Wednesday, April 27, 2022

From 2019... Even subtle perturbations in sleep quality from one night to the next negatively impact anxiety; disturbed sleep might be an underappreciated factor in the escalating rates of anxiety disorders.

Overanxious and underslept. Eti Ben Simon, Aubrey Rossi, Allison G. Harvey & Matthew P. Walker. Nature Human Behaviour volume 4, pages100–110. Nov 4 2019. https://www.nature.com/articles/s41562-019-0754-8

Abstract: Are you feeling anxious?
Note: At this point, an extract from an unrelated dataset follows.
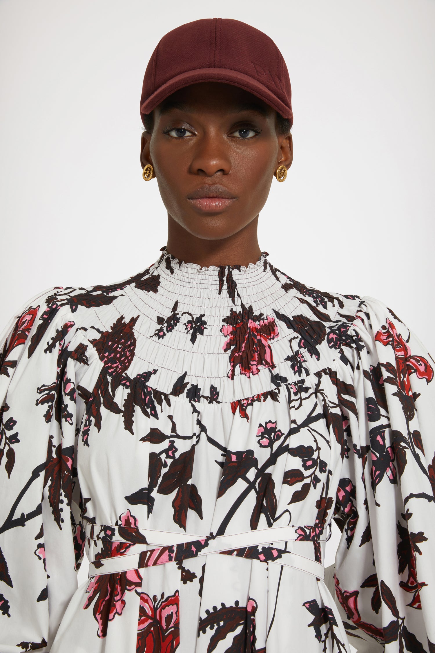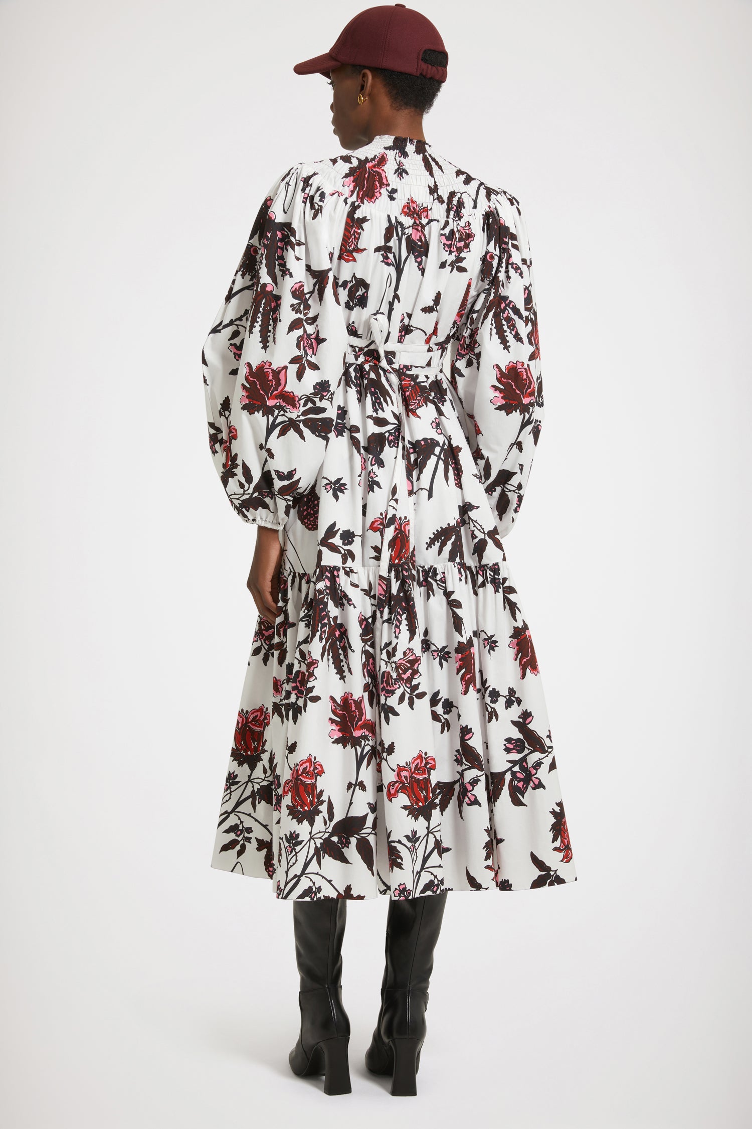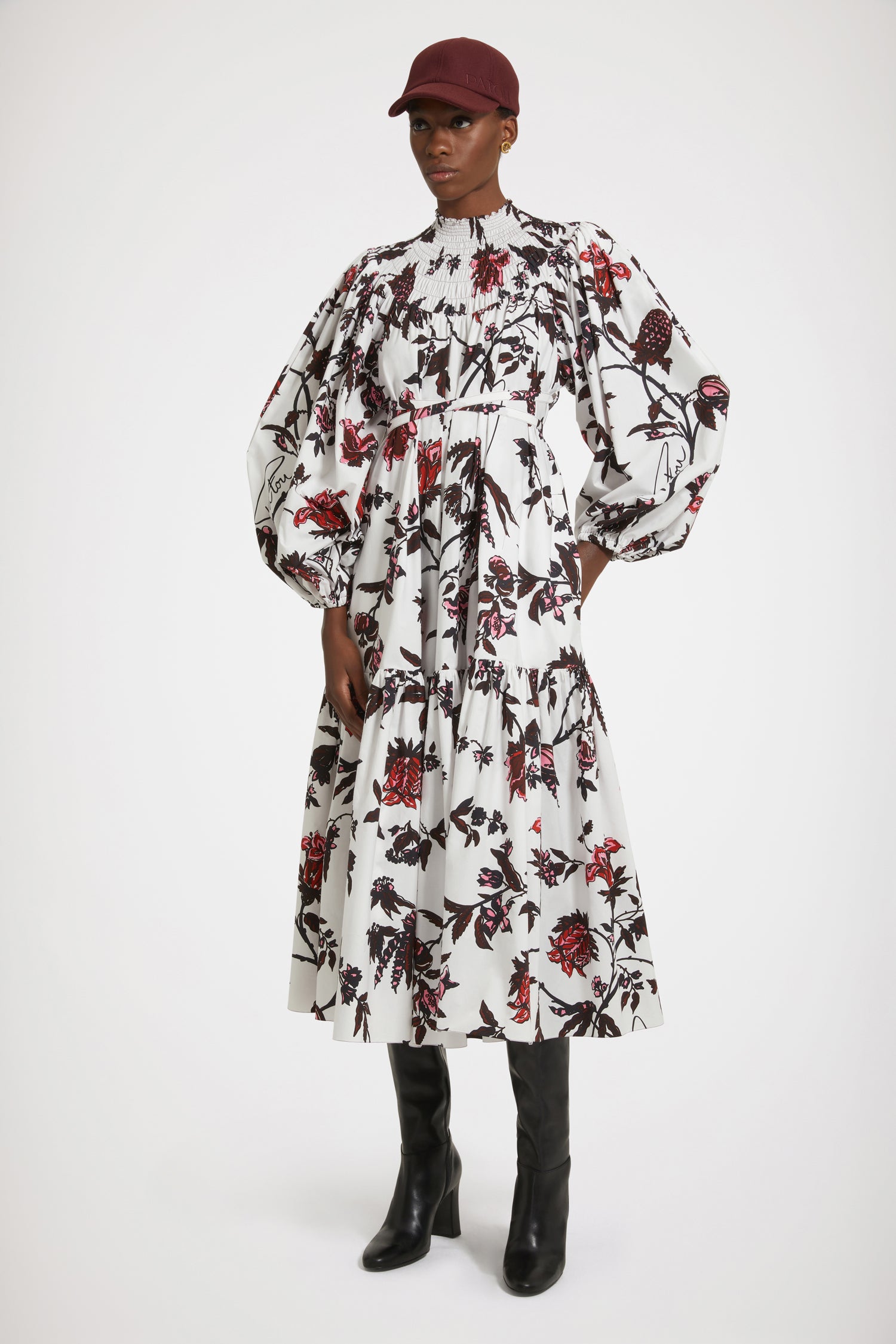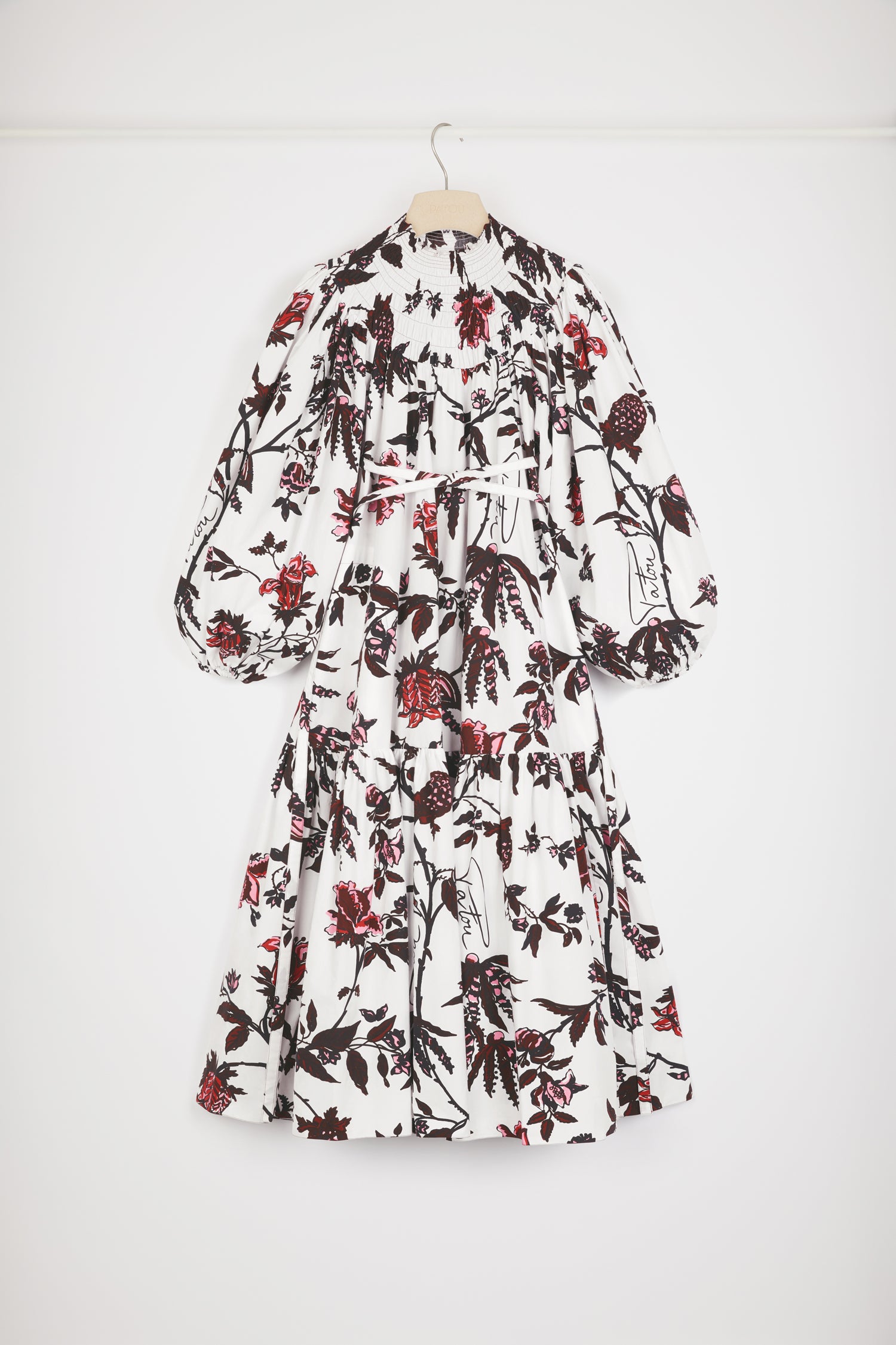 Robe en popeline de coton bio. Motif fleuri Hiver Indien. Modèle long. Col montant avec détail de smock. JP brodé au dos. Manches volumineuses à épaules bouffantes et poignets élastiqués. Ceinture amovible à la taille pouvant être nouée à l'avant ou à l'arrière. Jupe à volants.

Did you sleep poorly last night? Sleep disruption is a recognized feature of all anxiety disorders. Here, we investigate the basic brain mechanisms underlying the anxiogenic impact of sleep loss. Additionally, we explore whether subtle, societally common reductions in sleep trigger elevated next-day anxiety. Finally, we examine what it is about sleep, physiologically, that provides such an overnight anxiety-reduction benefit. We demonstrate that the anxiogenic impact of sleep loss is linked to impaired medial prefrontal cortex activity and associated connectivity with extended limbic regions. In contrast, non-rapid eye movement (NREM) slow-wave oscillations offer an ameliorating, anxiolytic benefit on these brain networks following sleep. Of societal relevance, we establish that even modest night-to-night reductions in sleep across the population predict consequential day-to-day increases in anxiety. These findings help contribute to an emerging framework explaining the intimate link between sleep and anxiety and further highlight the prospect of non-rapid eye movement sleep as a therapeutic target for meaningfully reducing anxiety.